One good way to ensure that your project continues to work after the changes is to write unit tests.
Unit tests are simple scripts that you can use to make sure your code is working correctly. In the context of our model, we need to ensure that the model we build can continue to train and the gradients continue to grow well.
To do this, we use pytest, which is a powerful library for writing unit tests that also includes useful debugging tools to find out why tests fail.
First, we create a folder in the directory named
tests. Within this folder, we create a file named
test_model.py. This saves all necessary device tests.
Define a simple test:
Another great feature of the pytest is that it automatically searches the package for test functions. As long as the function name starts
test, pytest performs the test accordingly.
pytest on the command line we can confirm that the test passes.
Now that the appropriate testing systems are in place, we can begin making code changes.
One important thing to understand about PyTorch modules is that they are basically functions. When the input is passed to any PyTorch module, it simply performs some operations and increments the gradients.
This means that even simple formatting operations can be formatted as a PyTorch object.
Simply take the first line of the old forward function and add it as a module.

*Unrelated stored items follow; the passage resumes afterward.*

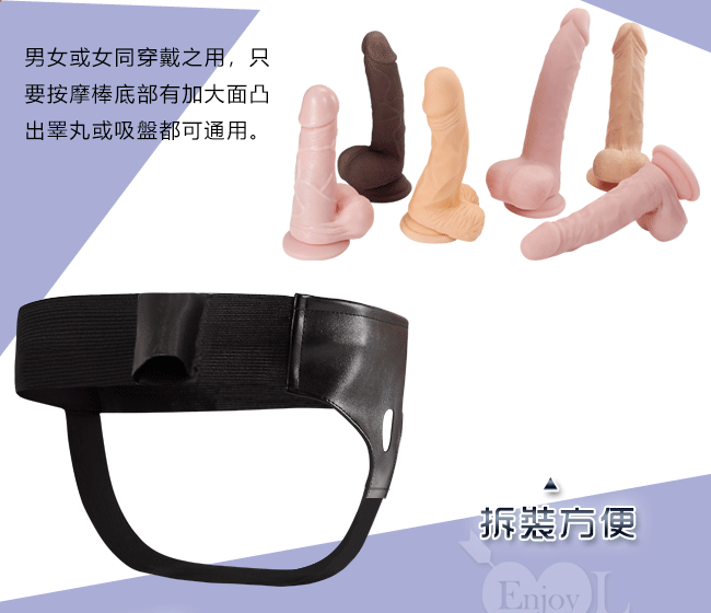 ※ 用途:男女或女同穿戴之用,只要按摩棒底部有加大面凸出睪丸或吸盤都可通用。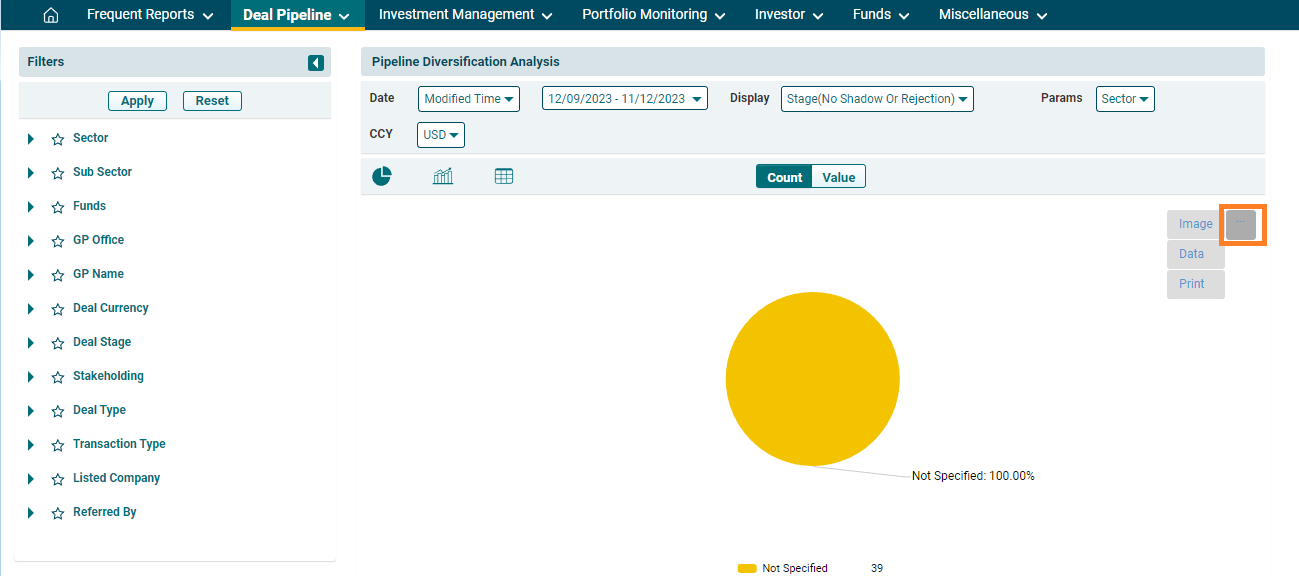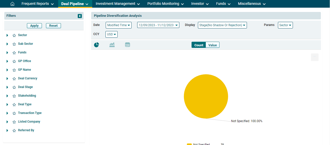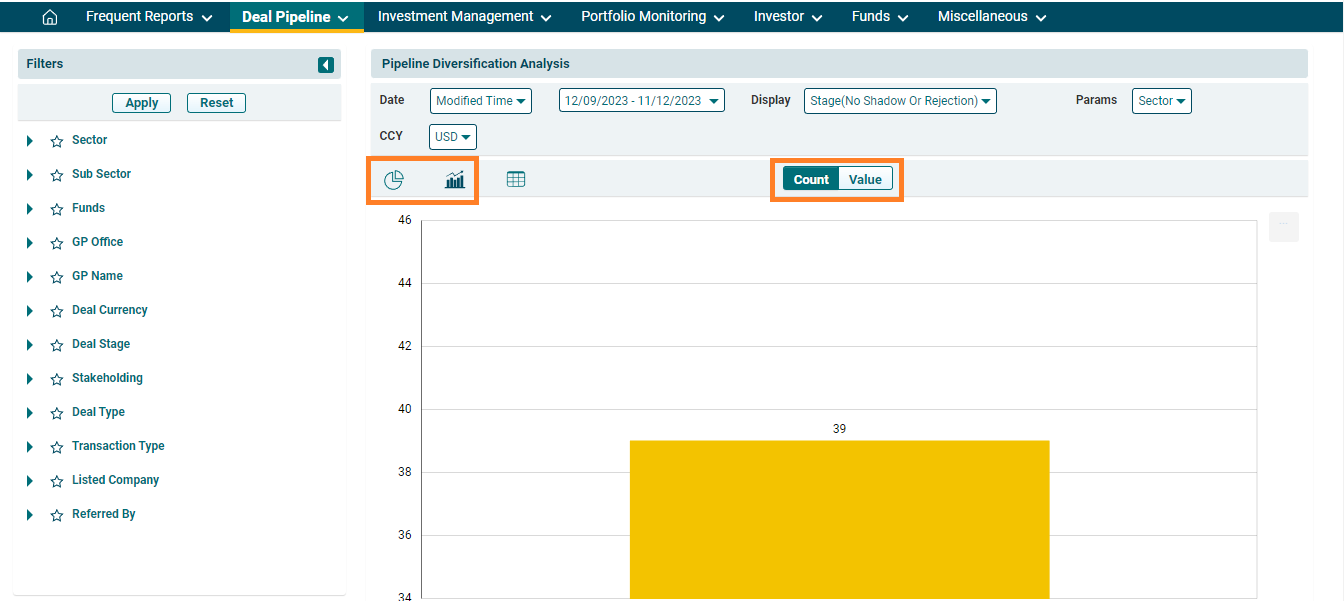The data can be viewed by Count or Value. The default setting is set on Count. If you wish to view the pipeline by Value, switch to Value.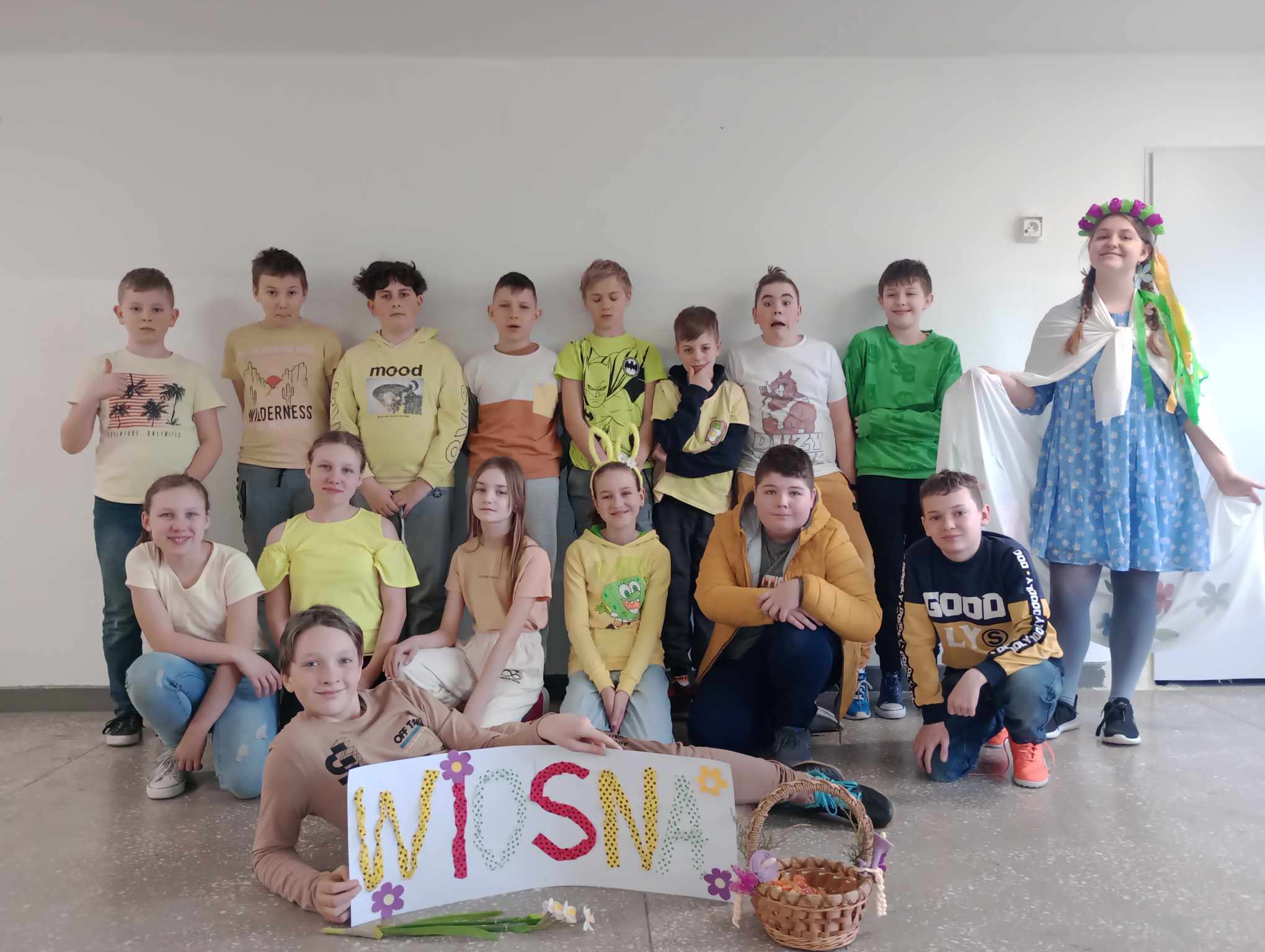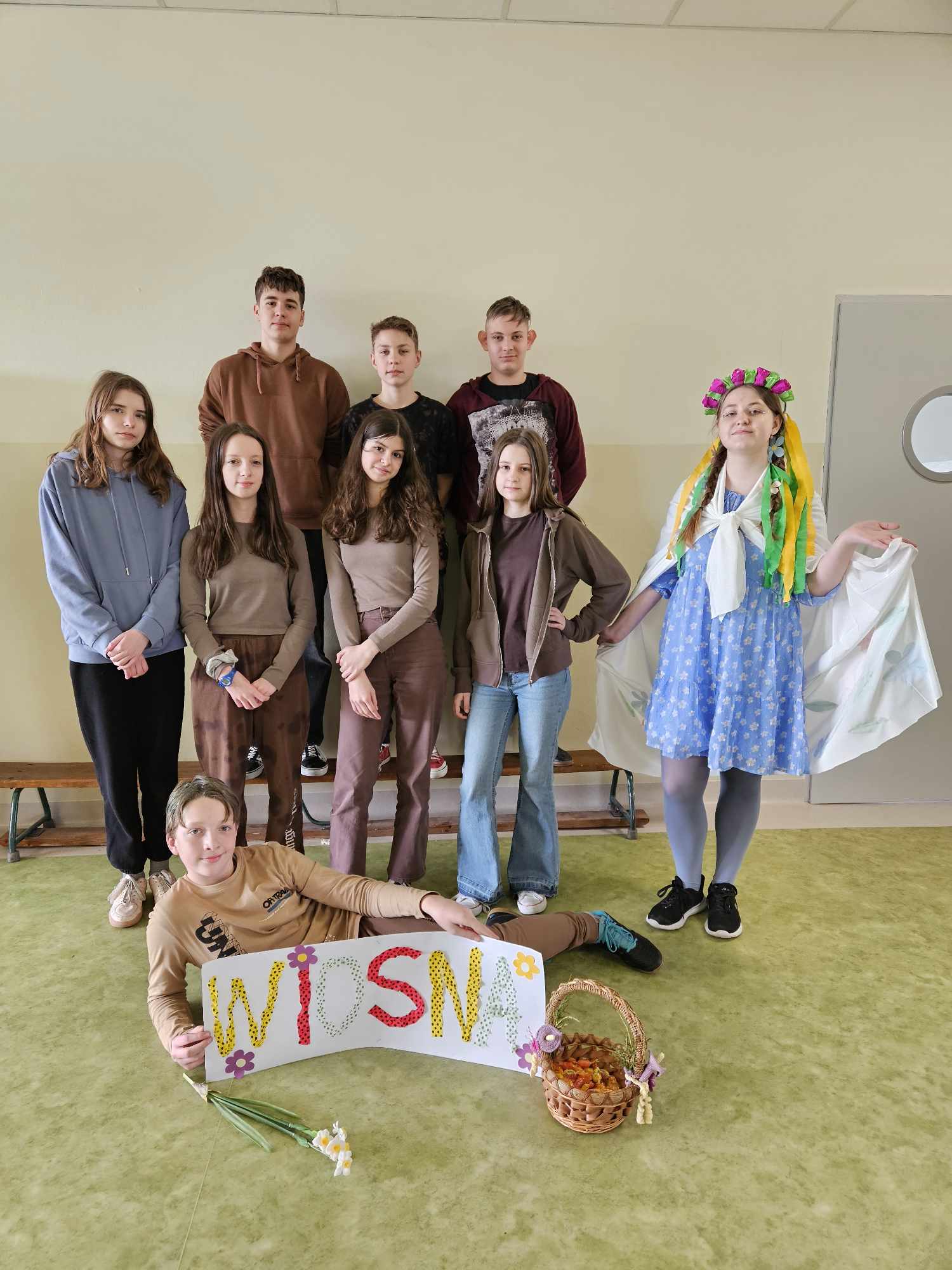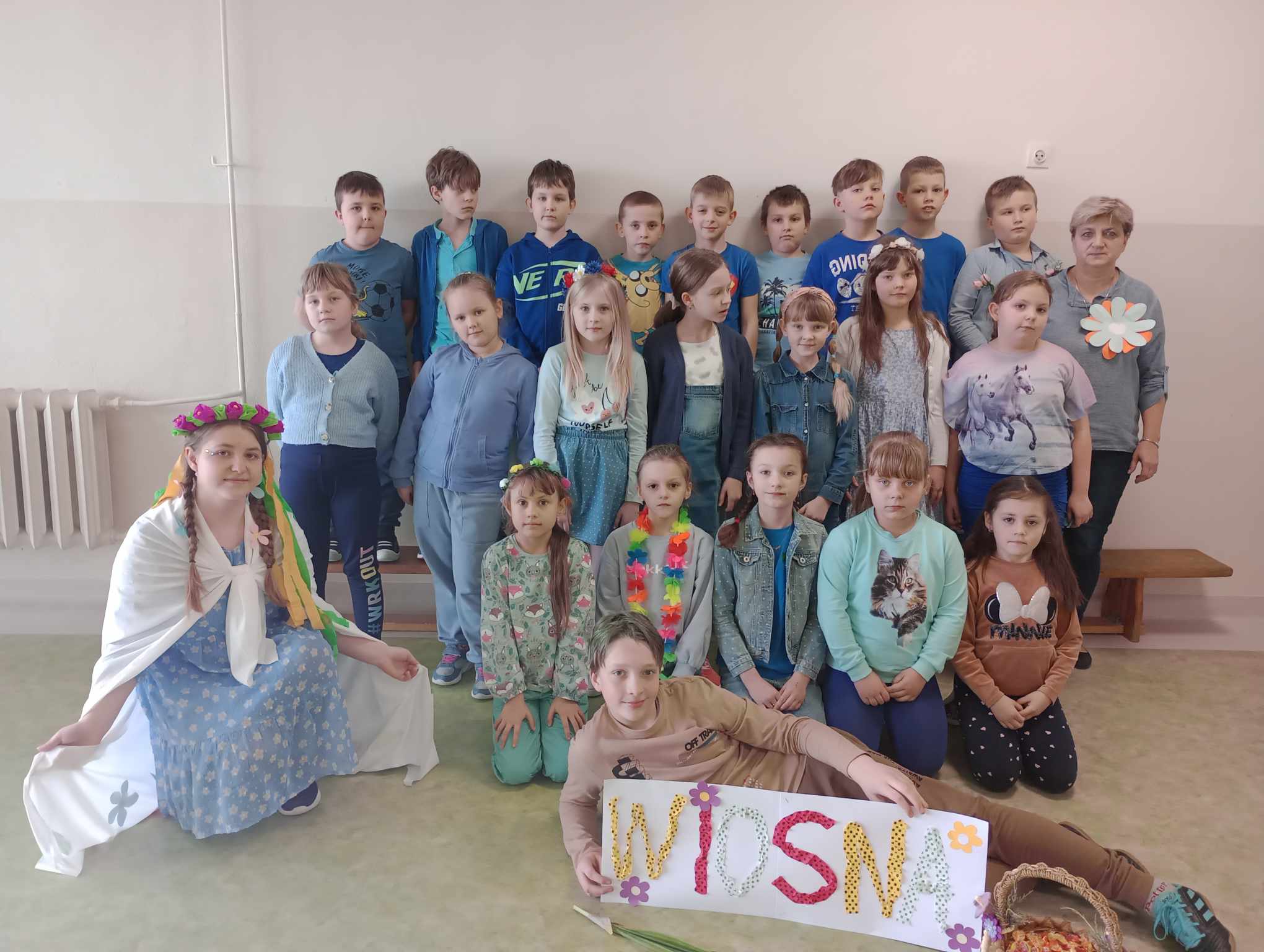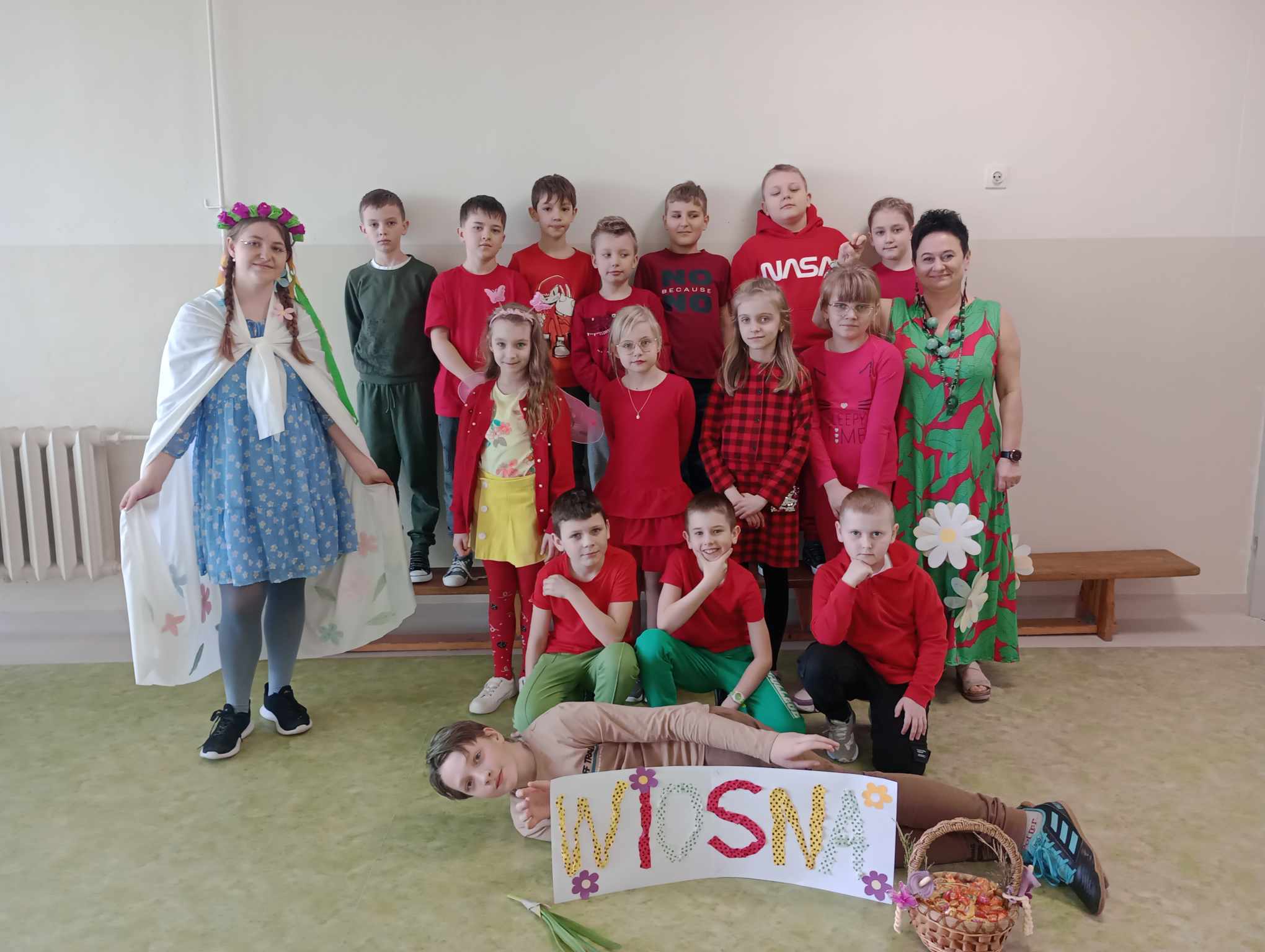 Pierwszy dzień wiosny w naszej szkole obfitował w wyjątkowe atrakcje dzięki Samorządowi Uczniowskiemu. Uczniowie, zgodnie z wcześniejszym losowaniem, przyszli w kolorowych strojach. Pojawiła się też Pani Wiosna, która rozdawała słodycze. Nietypowy był widok uczniów niosących książki i przybory w pufach, walizkach czy chlebakach zamiast w tradycyjnych plecakach czy tornistrach. Ta niecodzienna inwencja była zabawnym elementem dnia, podkreślającym nietuzinkowy charakter świętowania. Czekamy na kolejne, równie inspirujące, działania Samorządu Uczniowskiego.

Placement in this way
Flatten() as an encoder module performs the same.
Now enter the code for the stack module. For the MNIST dataset, this module converts the tensor back to its original form, which is (1,28,28)
In our case, because the images are in black and white, there is only one channel, but a stack module is built that can also work with color images.
To do this, we need to store information from the data in the model itself. This is done by transferring the original form of the data as parameters to the module. These parameters are channels, height and width. The forward operation is then a
view similar operation as the flattening module.
To store these parameters, we must use __inside of it__ function. This allows us to store these parameters as class variables. To do this, we first format it as a PyTorch module and this is done by calling
Now that we’ve confused these design functions into our own objects, we can use them
nn.Sequential define these functions as part of encoder and decoder modules.
And just like change operations are a part
Perform unit tests to verify that the code is working.
Nice! The test passes and the code executes as expected.